Enhancer RNAs (eRNA) are unstable non-coding RNAs, transcribed bidirectionally from active regulatory sequences, whose expression levels correlate with enhancer activity. We use capped-nascent-RNA sequencing to efficiently capture bidirectional transcription initiation across several human lymphoblastoid cell lines (Yoruba population) and detect ~75,000 eRNA transcription sites with high sensitivity and specificity. The use of nascent-RNA sequencing sidesteps the confounding effect of eRNA instability. We identify quantitative trait loci (QTLs) associated with the level and directionality of eRNA expression. High-resolution analyses of these two types of QTLs reveal distinct positions of enrichment at the central transcription factor (TF) binding regions and at the flanking eRNA initiation regions, both of which are associated with mRNA expression QTLs. These two regions—the central TF-binding footprint and the eRNA initiation cores—define a bipartite architecture of enhancers, inform enhancer function, and can be used as an indicator of the significance of non-coding regulatory variants.
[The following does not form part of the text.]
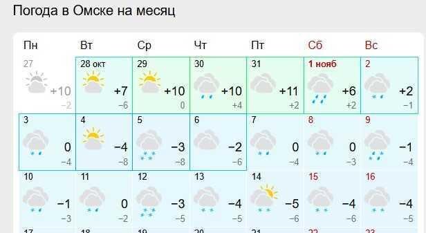 В Омске на следующей неделе ожидаются первые признаки наступления зимы. На этой неделе синоптики прогнозируют практически летнюю погоду с температурой воздуха до +15 градусов. Картина дня резко изменится с воскресенья, 2 ноября. В регионе похолодает до +2 градусов в дневные часы. В дальнейшем температура начнёт опускаться. Согласно долгосрочному прогнозу погоды на сайте Gismeteo, выше нуля температура уже не поднимется. По ночам будет до -8 градусов. По прогнозам синоптиков, 5–6 ноября в Омской области повсеместно ожидается мощный снегопад. С 12 ноября осадки в виде снега будут идти уже практически каждый день. Зима начнёт вступать в свои права. Читайте также на портале Om1.ru Опубликован прогноз погоды на начало ноября в Омской области

增强子RNA（eRNA）是不稳定的非编码RNA，从活性调控序列双向转录，其表达水平与增强子活性相关。我们使用带帽的新生RNA测序来有效捕获跨越几种人类淋巴母细胞系（约鲁巴族）的双向转录起始，并以高灵敏度和特异性检测〜75,000个eRNA转录位点。新生RNA测序的使用可避免eRNA不稳定的混杂效应。我们确定与eRNA表达的水平和方向性相关的数量性状基因座（QTL）。这两类QTL的高分辨率分析揭示了在中央转录因子（TF）结合区和侧翼eRNA起始区的富集位置不同，两者均与mRNA表达QTL相关。这两个区域-中央TF结合足迹和eRNA起始核心-定义了增强子的二分体系结构，告知增强子功能，并且可以用作非编码调控变体重要性的指标。